Across the country, public swimming pools were racially desegregated after World War II, but that was met with widespread opposition from whites that again exposed their social prejudices. Southern cities typically shut down their public pools rather than allow mixed-race swimming. In the North, whites generally abandoned pools that became accessible to blacks and retreated to ones located in thoroughly white neighborhoods or established private club pools, where racial discrimination was still legal.
Warren, Ohio, for example, was forced by a pending court order to desegregate its municipal pool in 1948. The local newspaper covered the first day of interracial swimming by printing a front-page photo showing a dozen children waiting to enter. The last two children in line were black; the caption read: “Last one in the water is a monkey.” The racial antipathy expressed in the newspaper was shared by many local whites, who stopped using the pool when they realized black residents intended to use it. Similarly, in 1962, several years after Pittsburgh’s municipal pools were desegregated, a sign posted outside a city pool still used exclusively by whites read “No dogs or niggers allowed.” Public pools were racially desegregated, but that did not mean blacks and whites started swimming together.

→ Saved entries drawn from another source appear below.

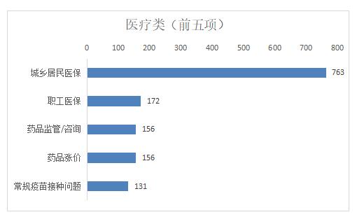 医疗类诉求中,市民反映诉求较多的前五类事项分别为:城乡居民医保、职工医保、药品监管/咨询、药品涨价、常规疫苗接种问题,以上五类占医疗类总比58.29%。
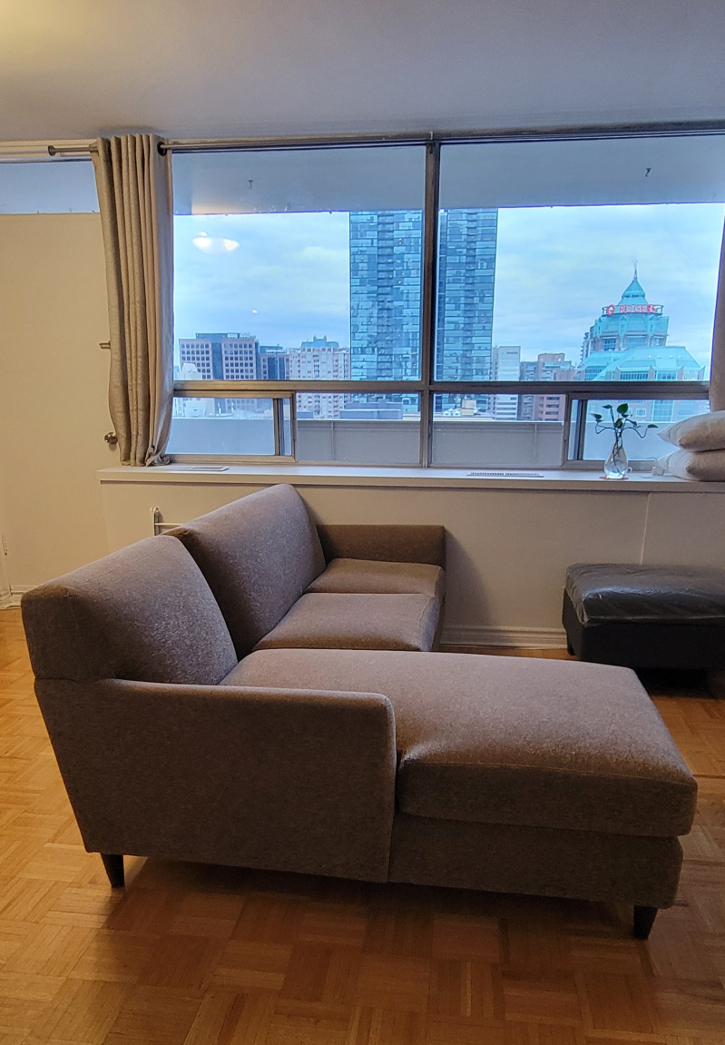 Brown 2pc Chaise Sectional Sofa in great condition. Sturdy & firm seats, with comfortable form. Needs 2 people to move it by hand. I can help if you come alone. RFS: Redecorating Delivery: Pick-Up Only @Wellesley & Jarvis Payment: eTransfer Time: Weekday Evenings or Weekend All-Day Smoke-free, pet-free, and child-free home
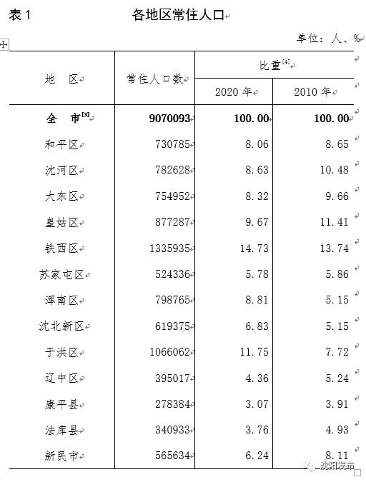 沈阳市第七次全国人口普查公报[1]

Even today, there are examples that things haven’t changed that much. In 2009, 65 black and Latino campers from the Creative Steps day camp in North Philadelphia arrived at the Valley Swim Club in suburban Montgomery County to play for an hour and a half. Camp director Althea Wright had paid the private club $1,950 to use the facility Monday afternoons throughout the summer. As the campers entered the water, some club members reportedly pulled their children from the pool and wondered aloud what all these black and Latino kids were doing there. A few days later, the Valley Swim Club canceled the lease agreement. When pressed to explain, the club president stated, “there was concern [among the members] that a lot of kids would change the complexion … and the atmosphere of the club.”

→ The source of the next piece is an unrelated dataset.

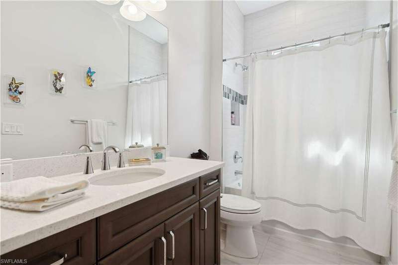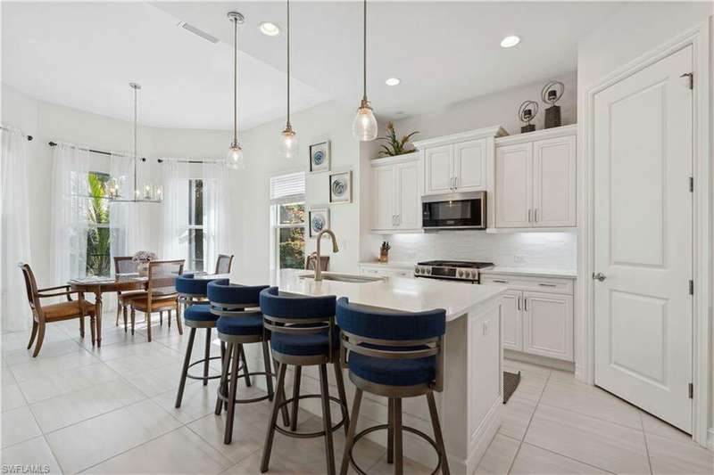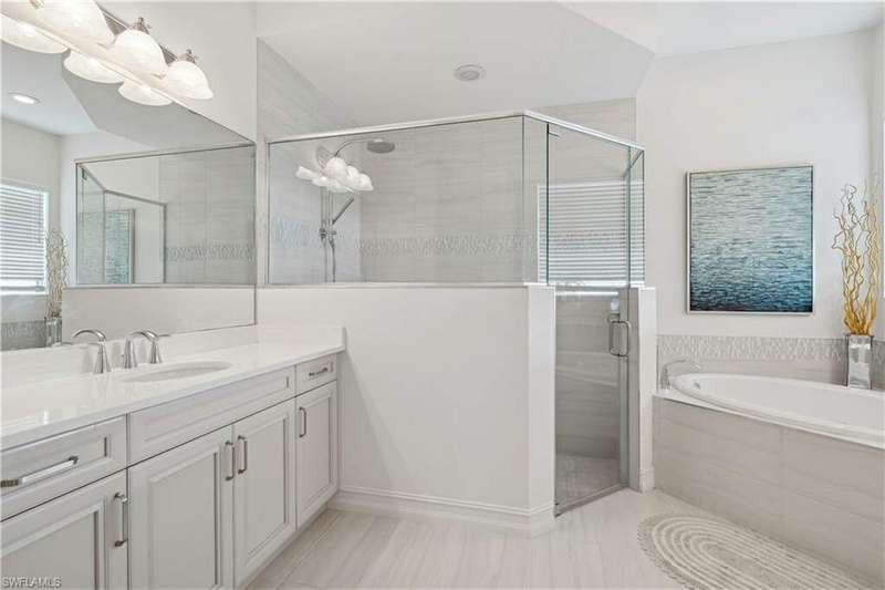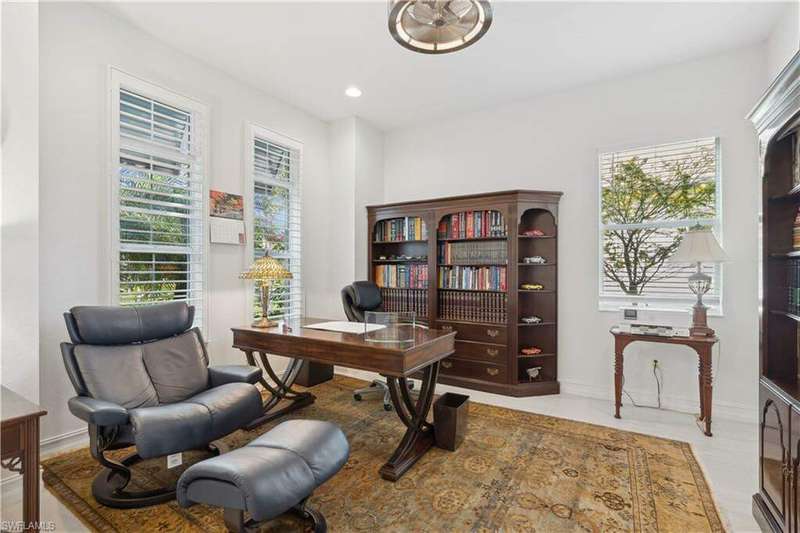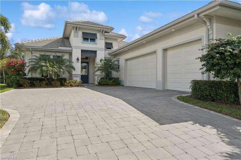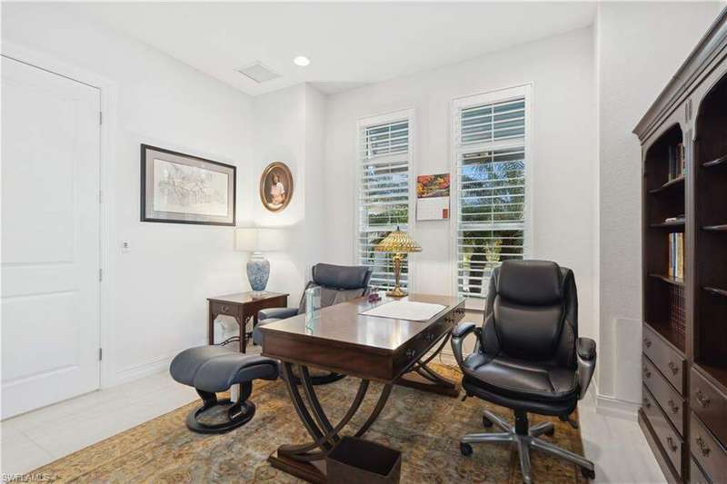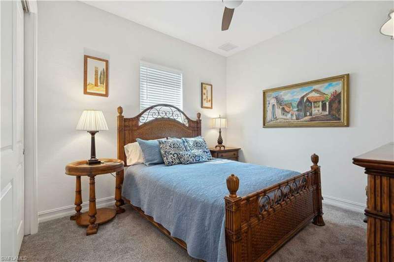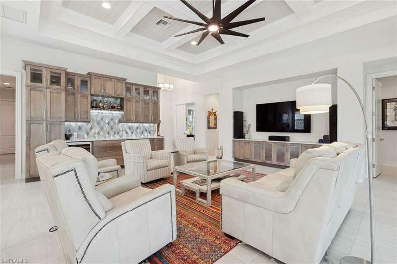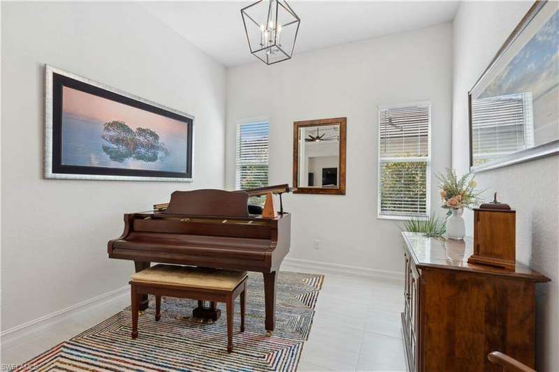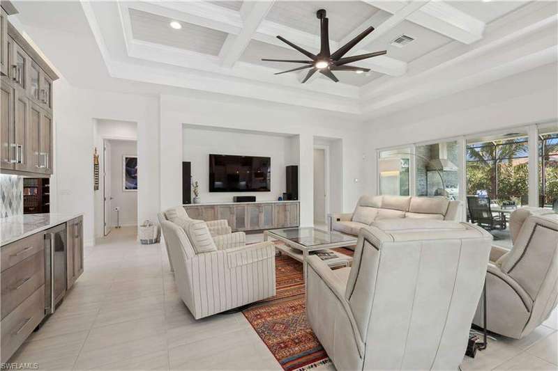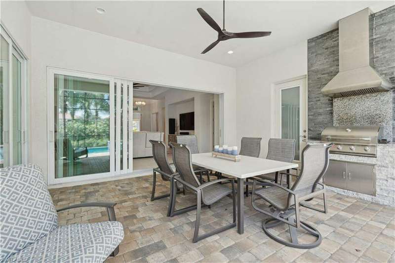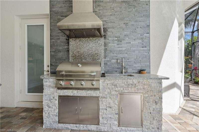 Impeccable details are showcased in this 4 bedroom, 2.5 bath, climate controlled 3 car garage estate. This home is a true hidden gem in the most amazing community located within minutes to Gulf Coast Hospital with easy access to area islands; beaches; RSW airport and shopping. This exquisite luxury home is situated amongst a very well maintained gated community that boasts one of the best kayaking excursions in Lee County, community kayaks are available or bring your own - and paddle through the mangrove covered shorelines; or enjoy fishing in the back bay or end up at Lover's Key to enjoy a picnic on the beach. The kitchen boasts gas cooking with an upgraded brand new GE Profile stove installed in January 2025. Upgraded built-in beverage center with wine cooler and beverage fridge with luxury cabinets match the upgraded luxury built-in TV center, cable is provided by the community with the HOA. The ceiling treatments were recently added in the living room and entry as well as some upgraded light fixtures, a new recirculating water heater pump for quick hot water was recently installed; new landscaping front and back; new pool heater 2025; new pool lights in pool/spa. New pool equipment. Upgraded CA closet systems. The HOA maintains the landscaping as well as exterior pest control; hedging; street maintenance; & community facilities. The elegant and tropical lanai and pool area are very private and boast an outdoor kitchen with a built-in grill with a nice covered area. The very large 3 car garage is climate controlled and includes a nice workbench area. This home is well equipped with wind rated windows and has never flooded. Community amenities include a fitness room; firepit area; gorgeous pool area overlooking a waterway out to the Gulf of Mexico/America; small library area; and a gorgeous large event room with bar/kitchen area; outdoor grilling and kitchen area at community pool; community docks and kayaks. Built by Stock this home is almost like new construction. Schedule your private showing to really see the level of upgrades and finishes this estate boasts.

We do not see this type of behavior in other public spaces such as parks. Why do swimming pools bring out the worst in people?
Part of the answer has to do with the uniqueness of swimming pools as physical spaces. They are visually and socially intimate. Swimmers gaze upon one another’s nearly naked bodies, lie in the sun next to one another, navigate through crowded water and flirt. This type of contact and interaction piques social anxieties and exposes the lack of trust and understanding between people of different social classes.
Swimming pools have also been intensely contested because they are places at which people build community and define the social boundaries of community life. Swimming pools are primary summertime gathering places, where many people come together (often for several hours), socialize, and share a common space. Swimming with others in a pool means accepting them as part of the same community precisely because the interaction is so intimate and sociable. Conversely, excluding someone or some group from a pool effectively defines them as social others—as excluded from the community.
For these reasons, swimming pools serve as useful barometers of social relations. If we as a nation want to know how we relate to one another across social lines, how we structure our communities socially, and how we think about people who are socially different from ourselves, just look at our swimming pools. The answer will be obvious.